+++ Extracted information +++

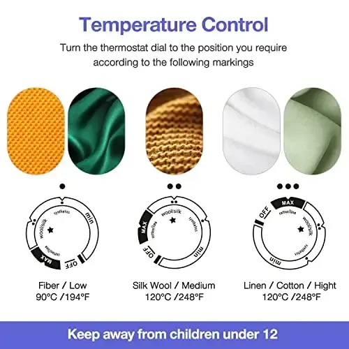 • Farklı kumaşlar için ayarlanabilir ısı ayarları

+++
+++ Extracted information +++

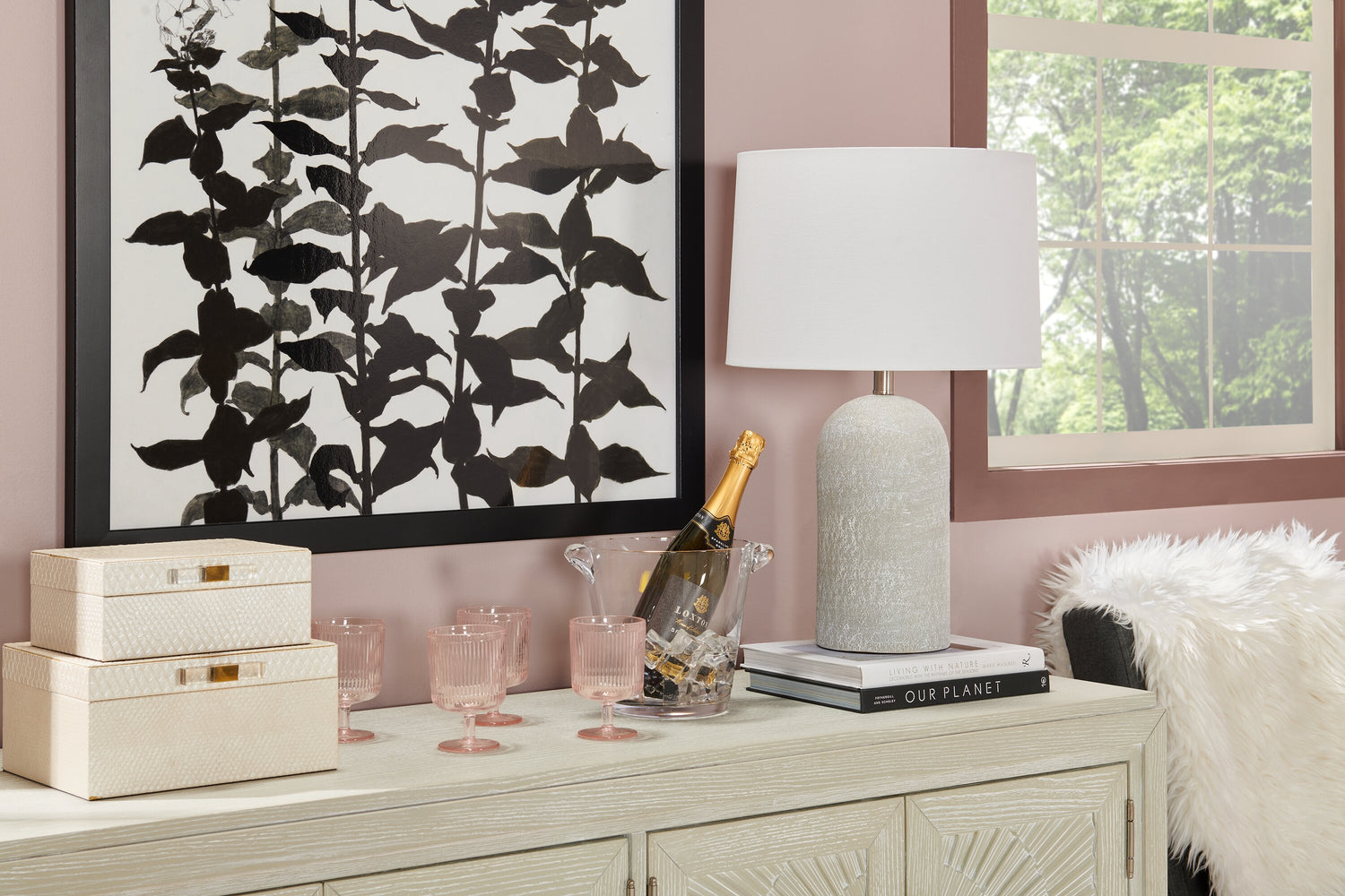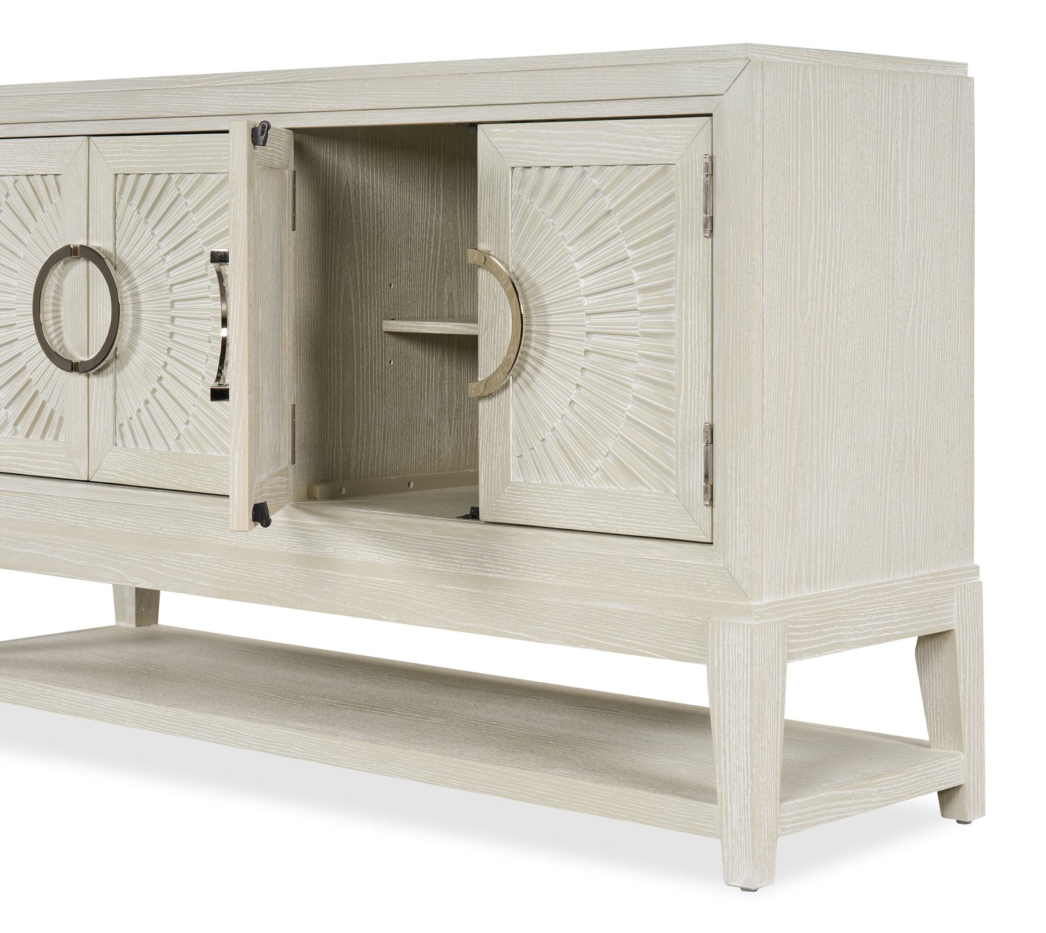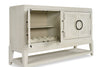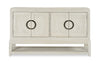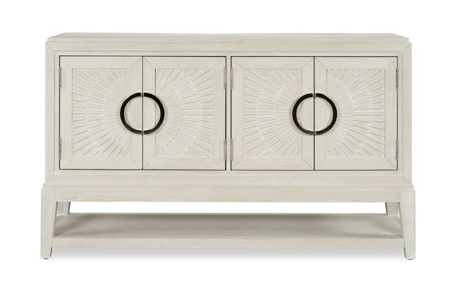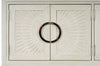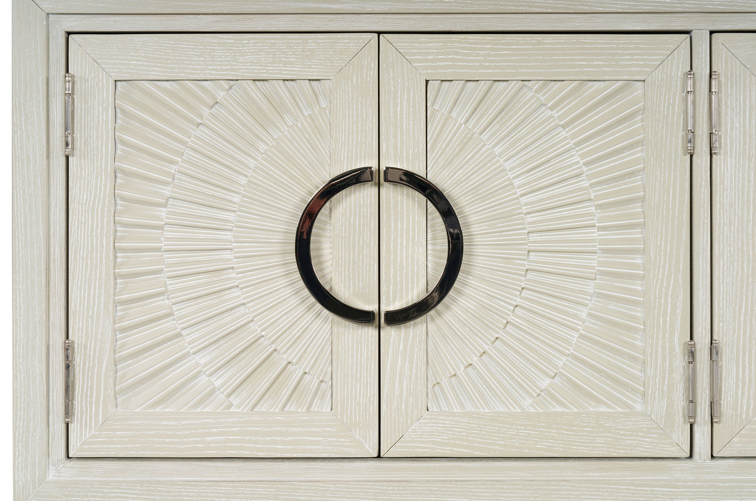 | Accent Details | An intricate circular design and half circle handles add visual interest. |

+++
+++ Extracted information +++

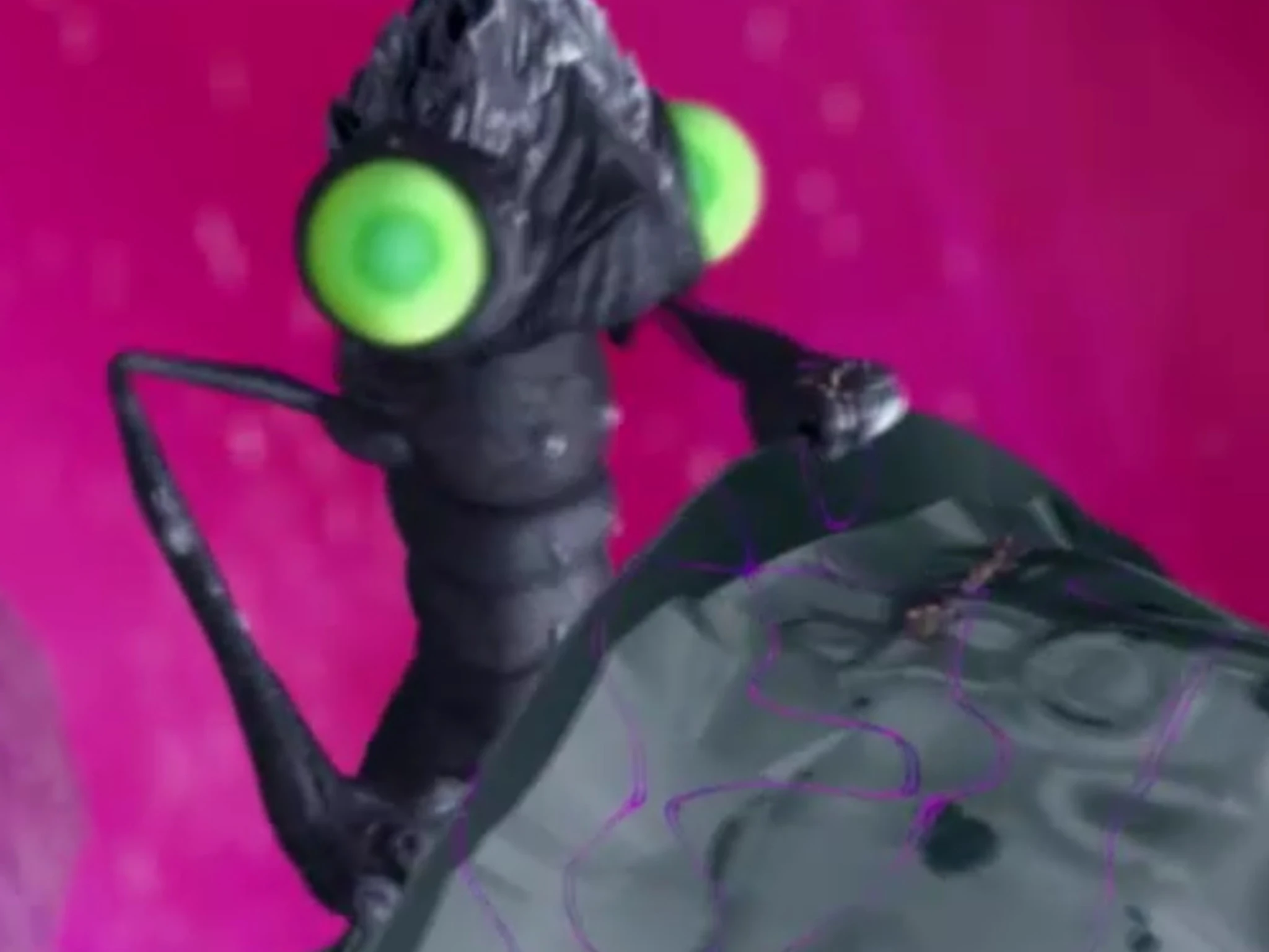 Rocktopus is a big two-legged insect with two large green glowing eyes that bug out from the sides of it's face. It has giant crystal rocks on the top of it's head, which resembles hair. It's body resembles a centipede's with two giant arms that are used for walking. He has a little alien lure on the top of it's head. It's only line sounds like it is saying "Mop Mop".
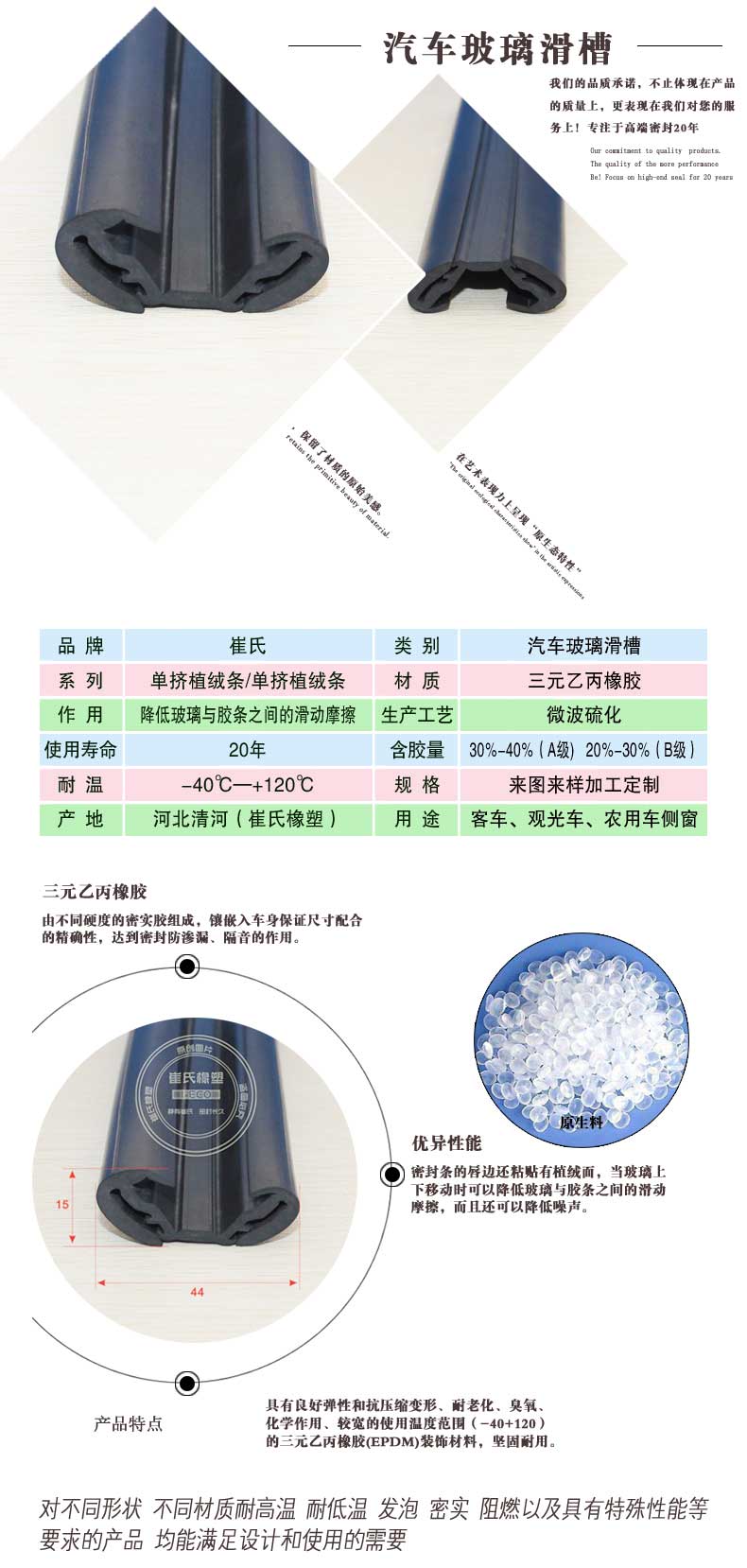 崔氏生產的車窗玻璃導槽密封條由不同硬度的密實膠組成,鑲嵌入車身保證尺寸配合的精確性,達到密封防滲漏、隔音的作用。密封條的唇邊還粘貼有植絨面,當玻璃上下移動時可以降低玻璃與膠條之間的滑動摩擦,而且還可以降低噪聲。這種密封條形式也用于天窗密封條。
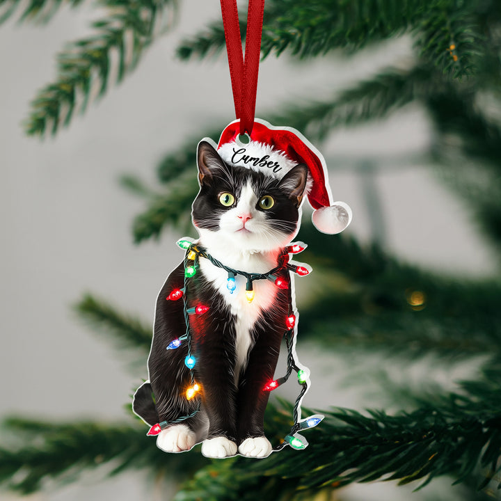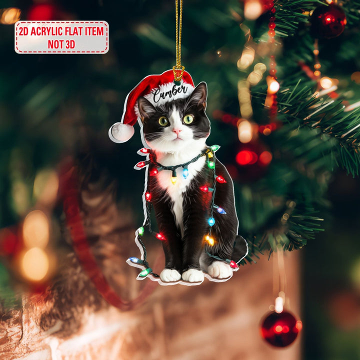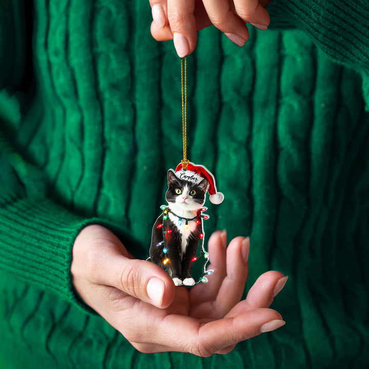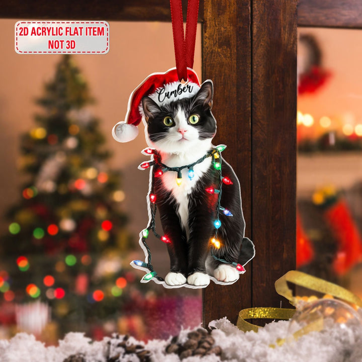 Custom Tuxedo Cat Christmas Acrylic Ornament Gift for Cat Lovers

+++

**Problem:**
In the listing above, find the line containing "Rocktopus is a" and the line containing "Custom Tuxedo Cat", then output those two lines and everything between them exactly as written, without the images.

**Expected output:**
 Rocktopus is a big two-legged insect with two large green glowing eyes that bug out from the sides of it's face. It has giant crystal rocks on the top of it's head, which resembles hair. It's body resembles a centipede's with two giant arms that are used for walking. He has a little alien lure on the top of it's head. It's only line sounds like it is saying "Mop Mop".
 崔氏生產的車窗玻璃導槽密封條由不同硬度的密實膠組成,鑲嵌入車身保證尺寸配合的精確性,達到密封防滲漏、隔音的作用。密封條的唇邊還粘貼有植絨面,當玻璃上下移動時可以降低玻璃與膠條之間的滑動摩擦,而且還可以降低噪聲。這種密封條形式也用于天窗密封條。
 Custom Tuxedo Cat Christmas Acrylic Ornament Gift for Cat Lovers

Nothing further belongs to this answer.